L’intuizione che avverte nella preghiera lo porta a scrivere: «Da oggi
voglio vivere Dio solo, in tutte le cose, alla maniera di Gesù, Maria e
Giuseppe che non amavano, non cercavano, non volevano che Dio solo e voglio
fare qualcosa che glorifichi particolarmente Dio». Ha origine qui l’idea
fondamentale della sua Famiglia spirituale in cui sono presenti già tutti i
futuri chiamati: sacerdoti, suore, consacrate laiche, associati laici, ossia
tutte le compagini della Chiesa.
Una volta ordinato sacerdote, ritornato a Bordeaux, il Signore nello stesso
anno comincia a fagli giungere le persone adatte per la realizzazione del
grande progetto che gli ha messo nel cuore. Il giorno della Santissima Trinità,
il 28 maggio 1820, nasce così l’Associazione della Santa Famiglia di Bordeaux.
Come in ogni opera di Dio, le difficoltà non mancarono. Tra l’altro, in
quell’epoca la vita religiosa femminile era ancora concepita come vita claustrale,
con voti solenni. Il fondatore per la sua Famiglia spirituale aveva però
presenti tutte le vocazioni. Ma per realizzare il suo sogno ci voleva tanto
coraggio e soprattutto una grande pazienza.
Dal 1820, anno degli inizi, fino al 1903, anno dell’approvazione pontificia
delle costituzioni, non mancarono le prove, ma anche tanti incoraggiamenti da
parte delle autorità ecclesiastiche: nel 1842 ottiene dal papa Gregorio XVI il
“Decretum laudis” con la relativa prima approvazione delle costituzioni; nel
1851 il papa Pio IX lo incoraggia ad andare avanti, anche se non giunge ancora
l’approvazione delle costituzioni generali dell’associazione.
Quando muore, l’8 febbraio 1861, la sua Famiglia comprende 600 sacerdoti
associati, 700 uomini associati, 17.500 donne associate, 600 dame della Santa
Famiglia (consacrate secolari) e 2.200 suore della Santa Famiglia nei suoi vari
rami e a voti semplici.
Bisognerà tuttavia giungere al 24 luglio 1902, quando Leone XIII firma il
decreto con cui approva la Congregazione delle Suore della Santa Famiglia di
Bordeaux come istituto a voti semplici. L’anno successivo, il 18 dicembre le
costituzioni ottengono l’approvazione definitiva. Ma del Progetto generale fu
approvato solo il settore della vita religiosa femminile.
Si giunge così al Vaticano II con l’invito rivolto ai religiosi/e di
tornare alle origini per ritrovare lo spirito dei fondatori.
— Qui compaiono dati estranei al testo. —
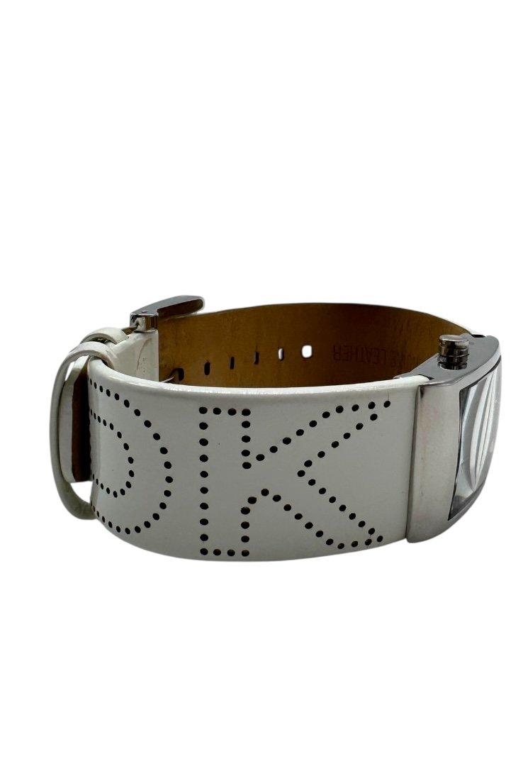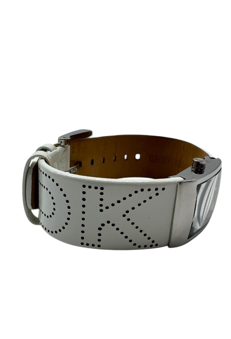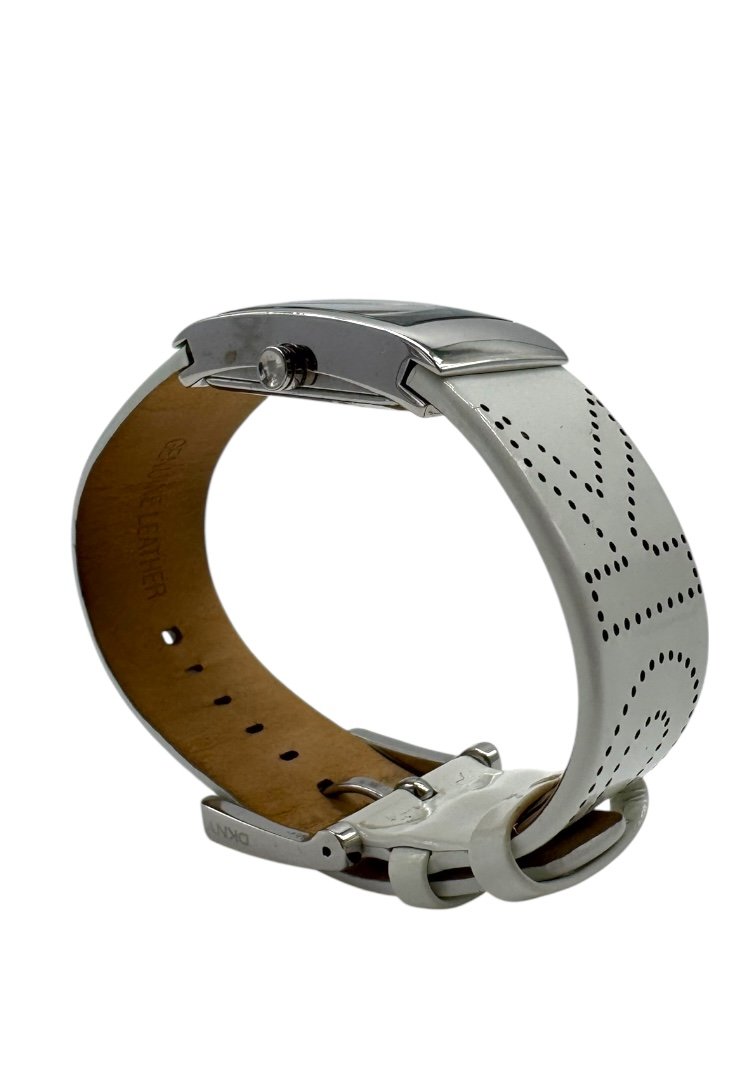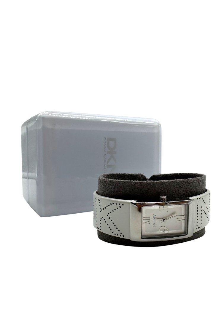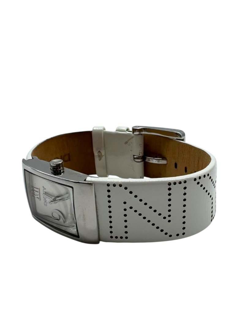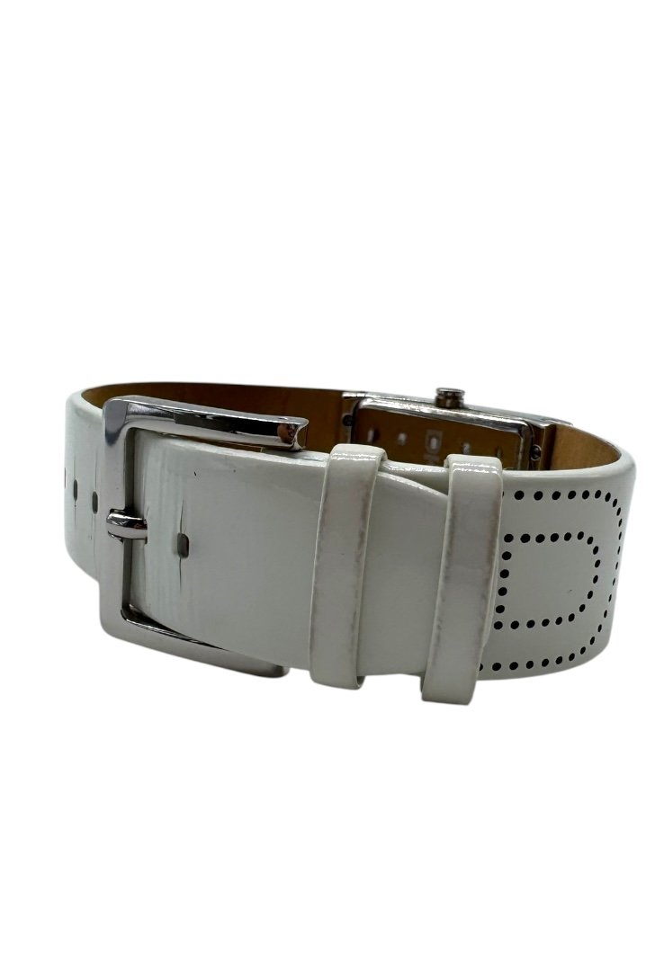 Reloj con caratula de metal en plata, strap de goma con la marca grabada.

Un avvenimento
importante nell’evolversi della situazione è il capitolo generale del 1969,
durante il quale la congregazione della Santa Famiglia pone mano allo studio
della sua spiritualità e alla revisione delle costituzioni.
Oltre all’approvazione delle costituzioni, è eretto a istituto diocesano
l’istituto secolare a Bordeaux, vengono elaborati gli statuti per gli associati
laici e si mettono allo studio anche quelli dei sacerdoti associati. La Santa
Sede non ha ancora dato un’approvazione globale, ma ha incoraggiato a mettere a
punto le strutture interne.
A partire dal 1978, il consiglio della Famiglia è composto dal consiglio
generale dell’istituto religioso apostolico, dal consiglio del Vicariato delle
suore contemplative, dal consiglio dell’Istituto secolare e dal Comitato
intercontinentale degli associati laici.
Si tratta veramente di una grande “Famiglia” che ora a cento anni dall’approvazione
pontificia delle costituzioni intende riprendere nuovo slancio e aprire un
nuovo orizzonte di fiducia e di speranza.